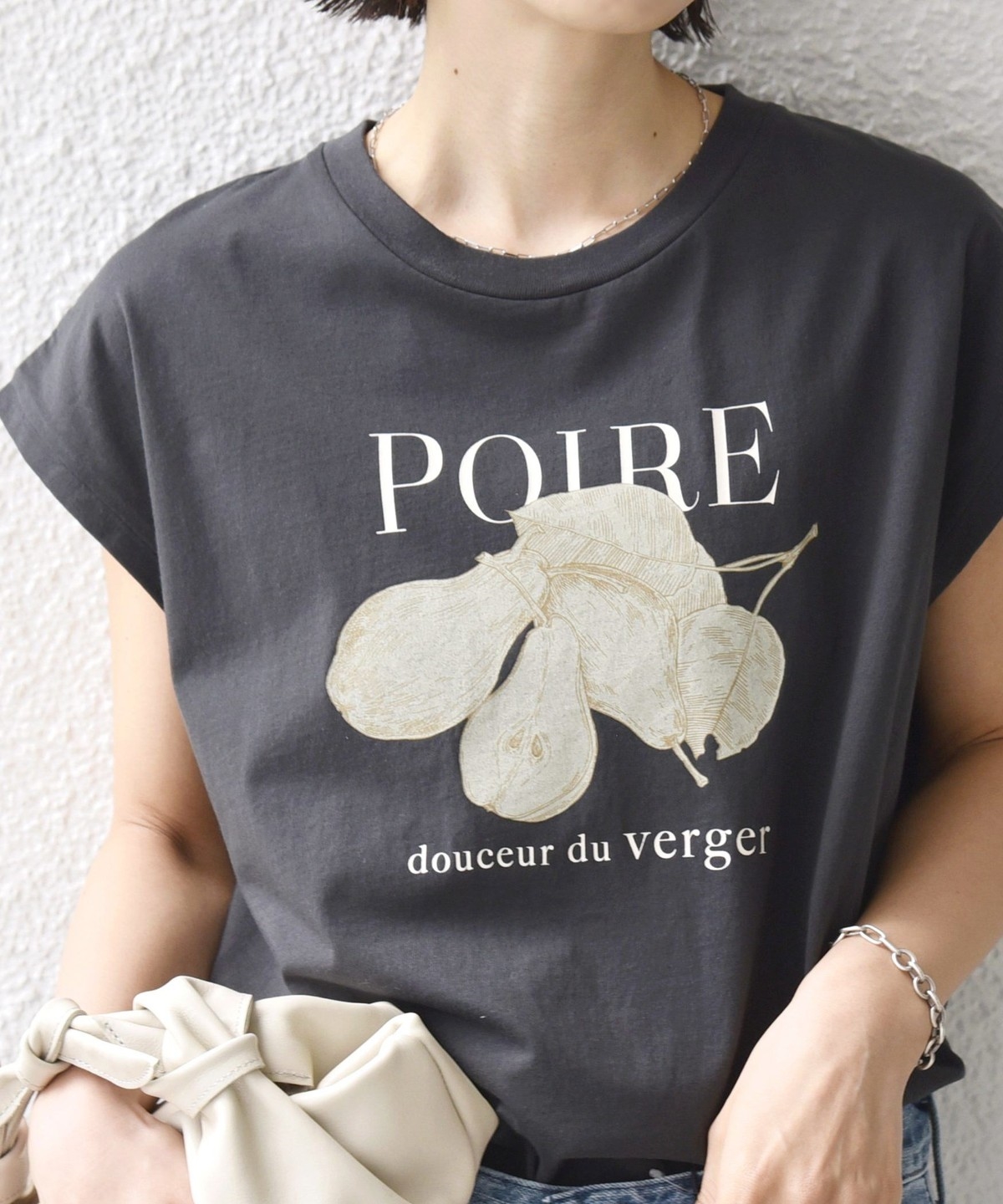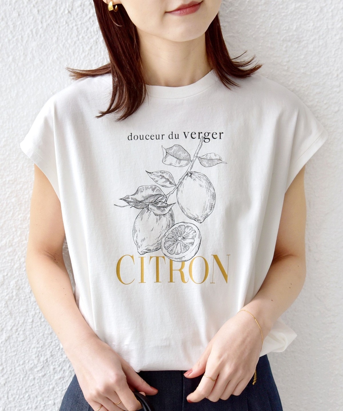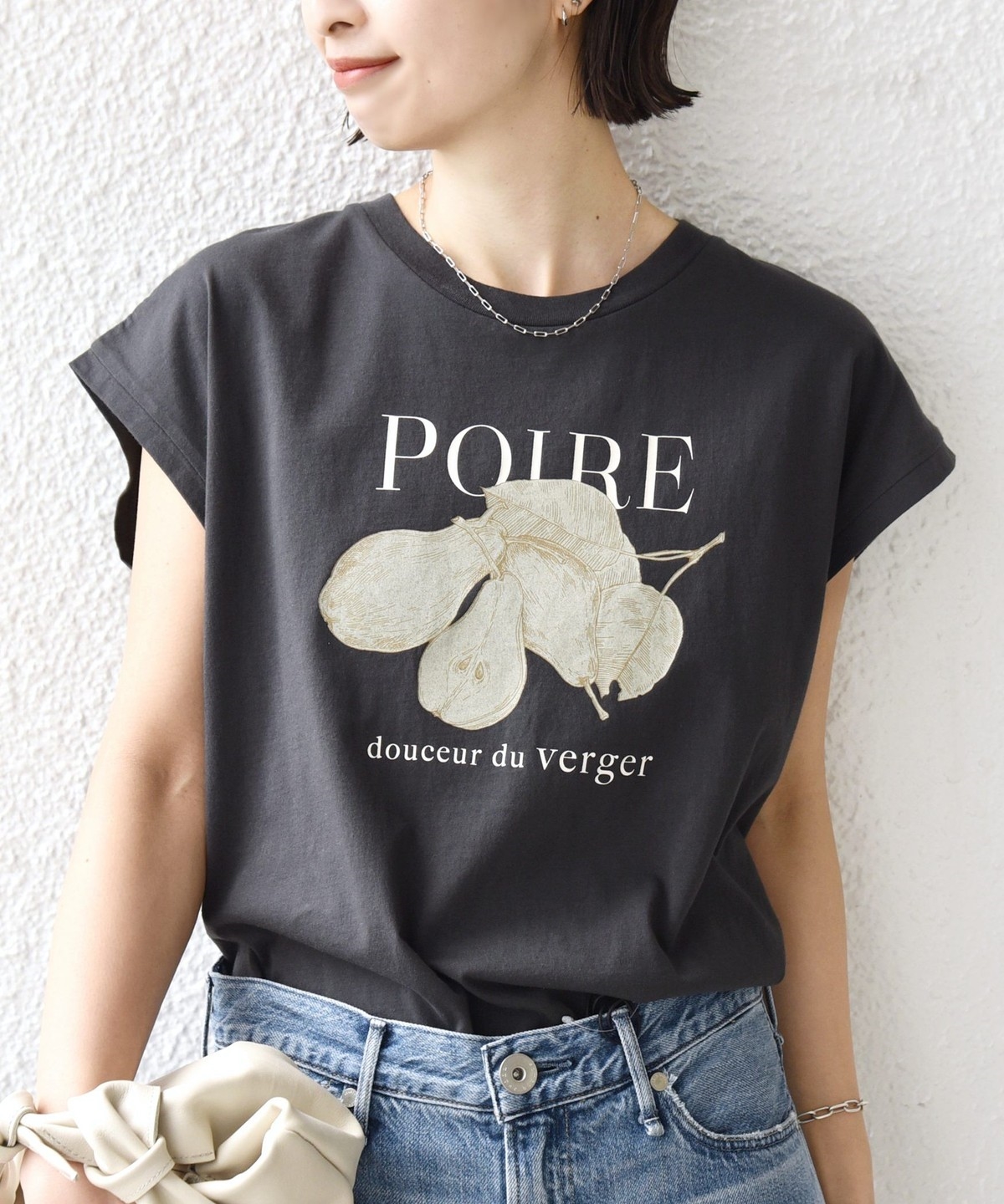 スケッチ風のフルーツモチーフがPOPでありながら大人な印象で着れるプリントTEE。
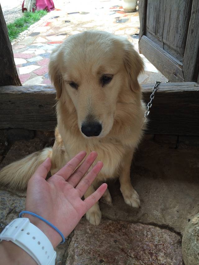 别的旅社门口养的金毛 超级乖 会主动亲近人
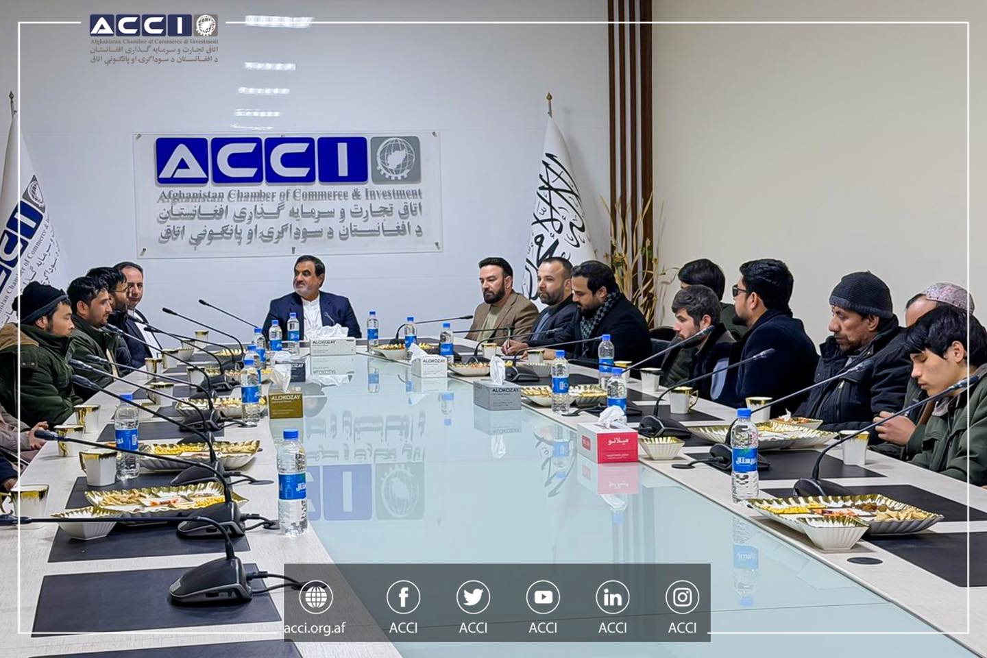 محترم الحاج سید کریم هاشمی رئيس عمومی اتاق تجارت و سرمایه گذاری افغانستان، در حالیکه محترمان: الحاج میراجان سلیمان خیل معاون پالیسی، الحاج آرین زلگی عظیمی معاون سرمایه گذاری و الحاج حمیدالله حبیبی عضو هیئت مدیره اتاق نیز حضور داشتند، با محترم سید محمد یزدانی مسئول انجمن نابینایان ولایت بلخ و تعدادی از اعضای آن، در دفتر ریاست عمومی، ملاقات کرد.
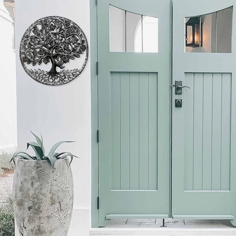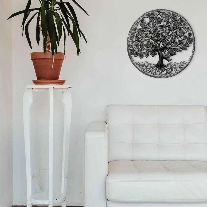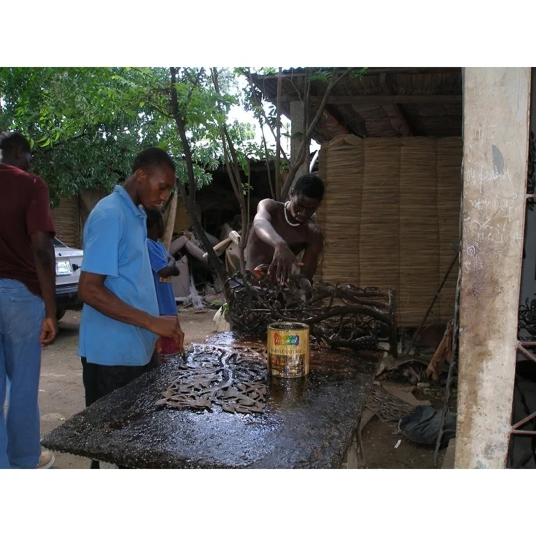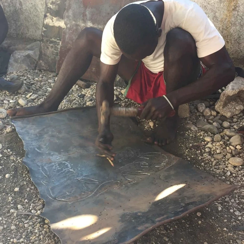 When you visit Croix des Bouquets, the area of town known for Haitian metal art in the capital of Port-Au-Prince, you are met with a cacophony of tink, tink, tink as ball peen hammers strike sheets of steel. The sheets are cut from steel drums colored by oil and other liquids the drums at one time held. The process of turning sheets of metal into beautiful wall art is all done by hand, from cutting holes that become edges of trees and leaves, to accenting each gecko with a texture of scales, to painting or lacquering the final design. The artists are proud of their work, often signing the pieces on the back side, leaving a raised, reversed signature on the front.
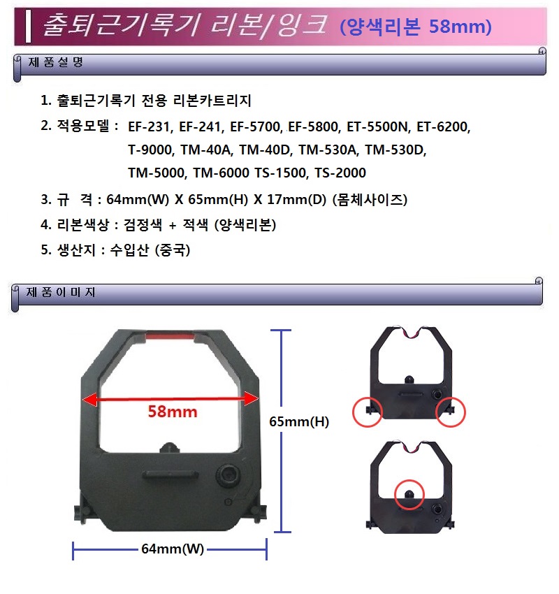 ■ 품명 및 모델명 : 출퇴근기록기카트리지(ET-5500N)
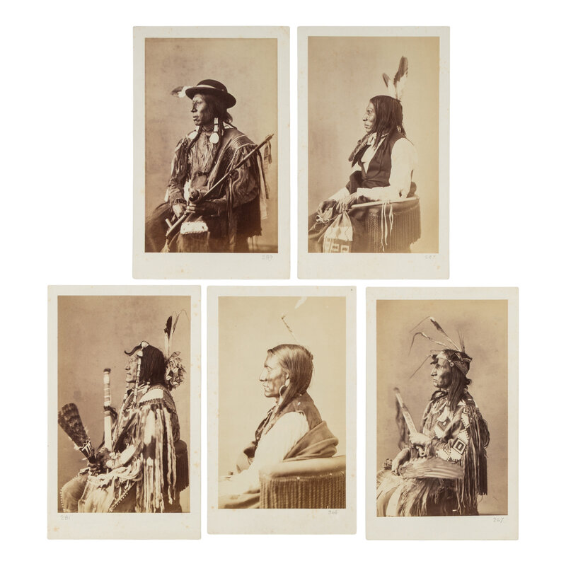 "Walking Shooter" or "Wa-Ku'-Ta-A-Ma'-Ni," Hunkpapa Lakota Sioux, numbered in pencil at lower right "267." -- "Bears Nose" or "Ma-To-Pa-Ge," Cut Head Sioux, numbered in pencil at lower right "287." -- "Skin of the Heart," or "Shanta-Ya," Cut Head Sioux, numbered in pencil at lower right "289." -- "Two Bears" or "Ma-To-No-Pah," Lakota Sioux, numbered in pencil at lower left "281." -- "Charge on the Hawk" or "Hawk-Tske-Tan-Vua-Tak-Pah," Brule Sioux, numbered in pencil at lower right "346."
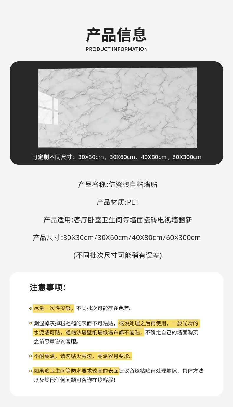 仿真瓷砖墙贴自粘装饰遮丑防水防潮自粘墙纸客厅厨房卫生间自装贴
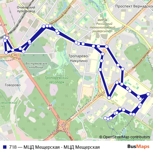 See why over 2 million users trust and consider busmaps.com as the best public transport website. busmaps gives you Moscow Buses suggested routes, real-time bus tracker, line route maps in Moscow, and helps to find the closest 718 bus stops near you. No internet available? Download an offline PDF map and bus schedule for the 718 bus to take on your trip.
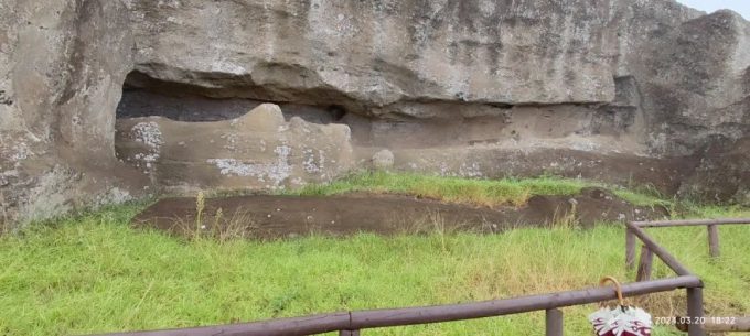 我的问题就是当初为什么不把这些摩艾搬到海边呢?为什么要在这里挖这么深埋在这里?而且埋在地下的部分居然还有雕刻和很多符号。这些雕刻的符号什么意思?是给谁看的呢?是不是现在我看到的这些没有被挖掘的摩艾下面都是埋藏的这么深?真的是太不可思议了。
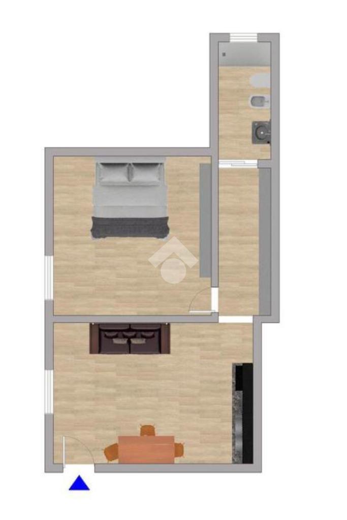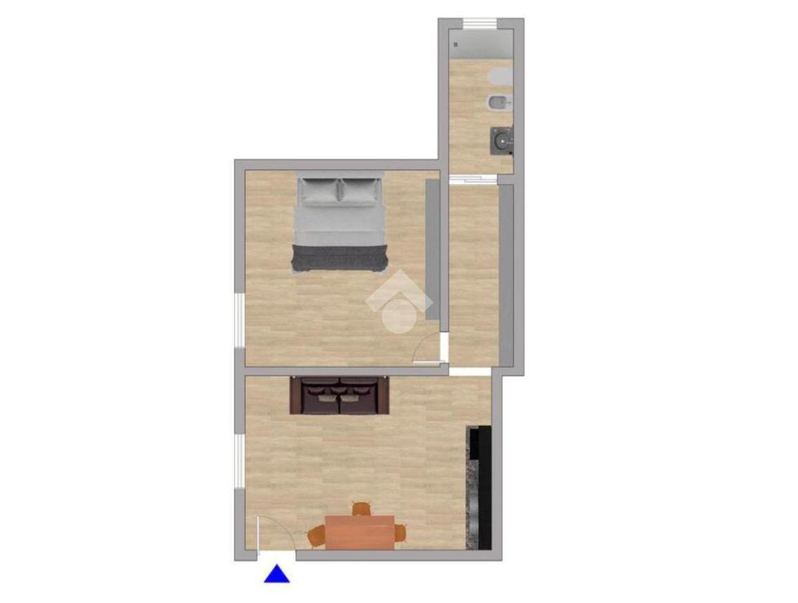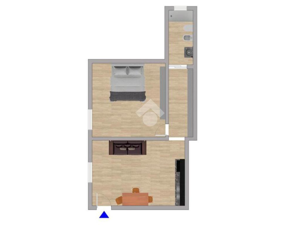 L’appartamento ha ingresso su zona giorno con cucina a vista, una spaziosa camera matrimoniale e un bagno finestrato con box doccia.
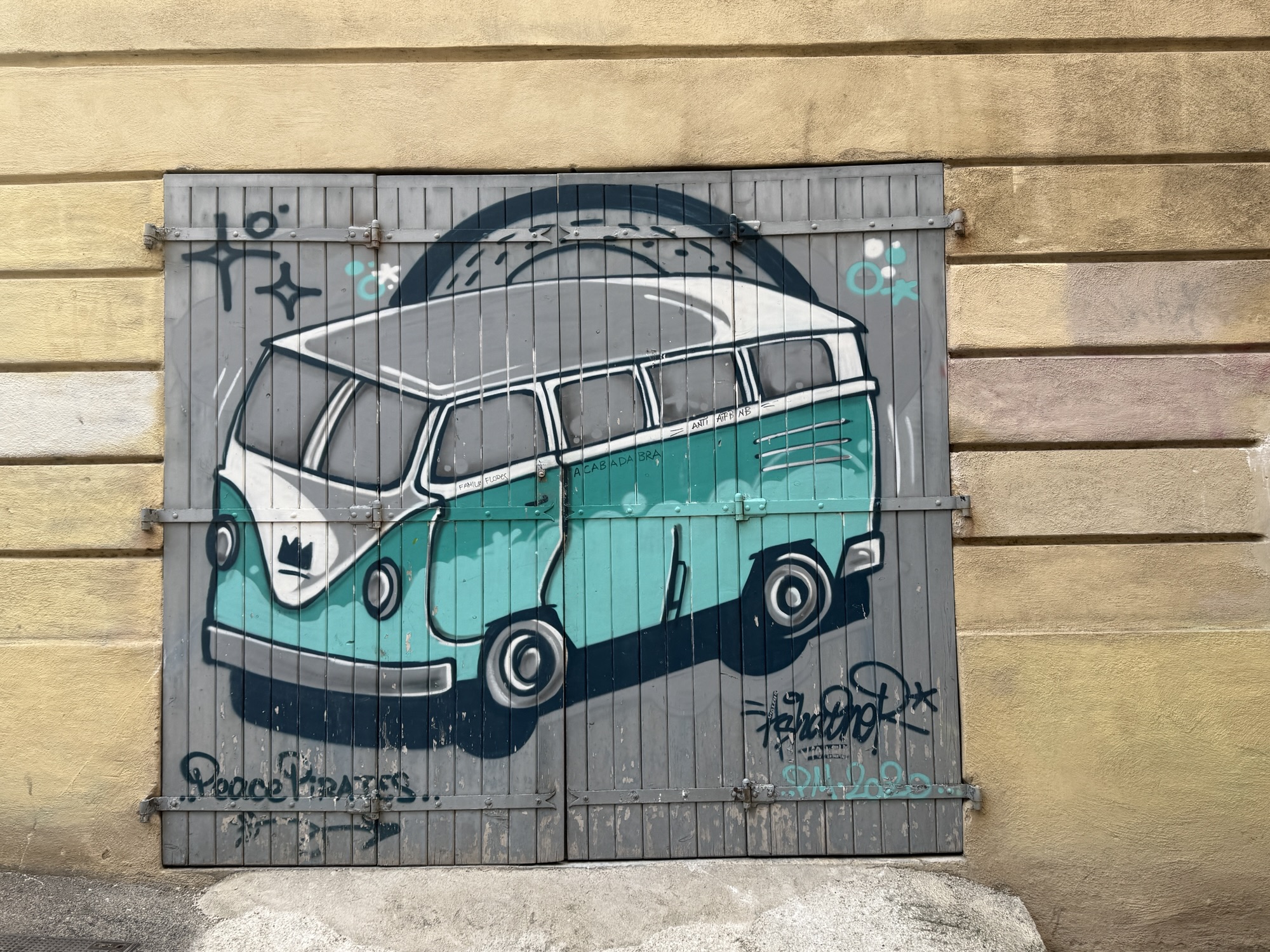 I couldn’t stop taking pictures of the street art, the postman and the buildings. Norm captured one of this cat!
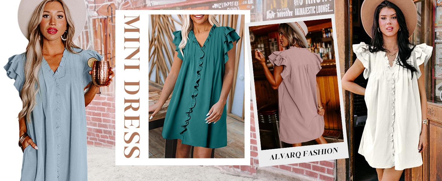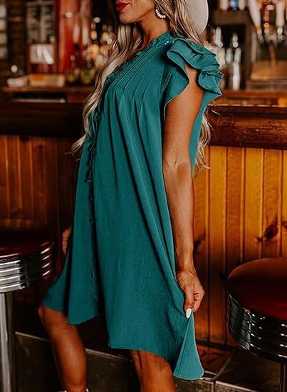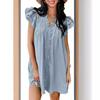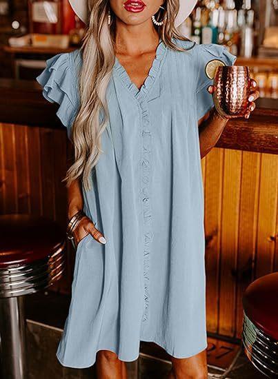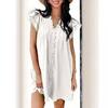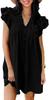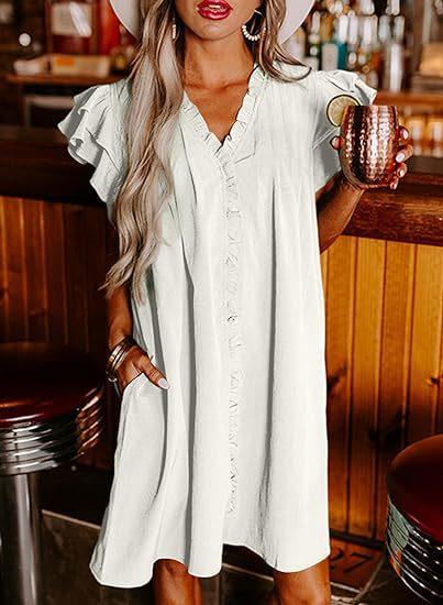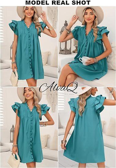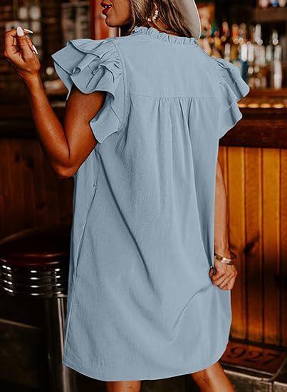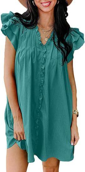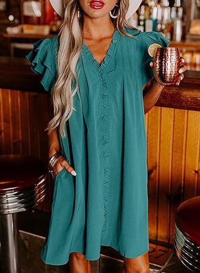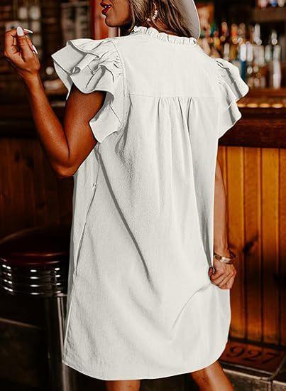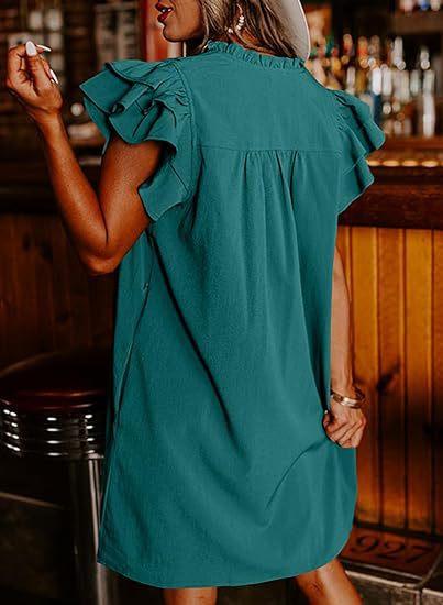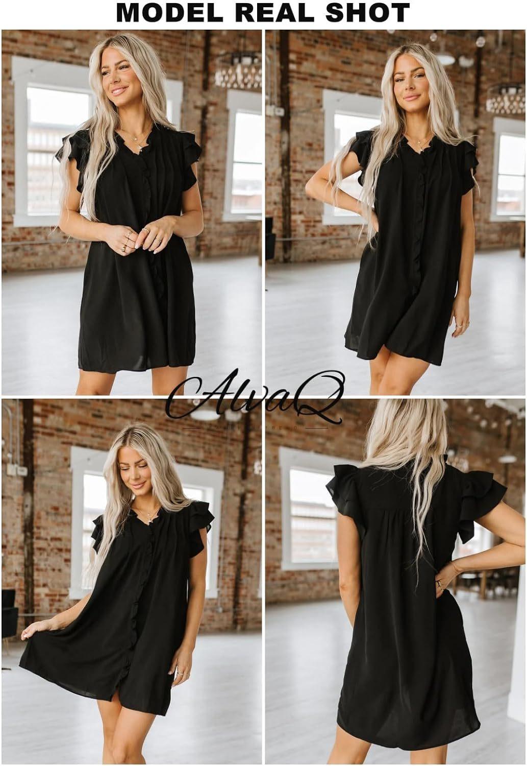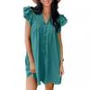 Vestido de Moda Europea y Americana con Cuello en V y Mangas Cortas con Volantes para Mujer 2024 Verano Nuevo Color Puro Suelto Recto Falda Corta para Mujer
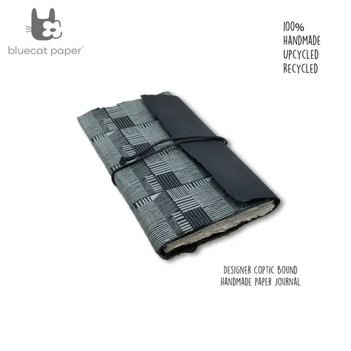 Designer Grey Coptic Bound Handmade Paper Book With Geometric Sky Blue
= = = = =
Exercise :: When the line that holds "I couldn’t stop" is reached, begin duplicating exactly, and continue through the last line of the listing, skipping the pictures; output nothing else.

Answer ::
 I couldn’t stop taking pictures of the street art, the postman and the buildings. Norm captured one of this cat!
 Vestido de Moda Europea y Americana con Cuello en V y Mangas Cortas con Volantes para Mujer 2024 Verano Nuevo Color Puro Suelto Recto Falda Corta para Mujer
 Designer Grey Coptic Bound Handmade Paper Book With Geometric Sky Blue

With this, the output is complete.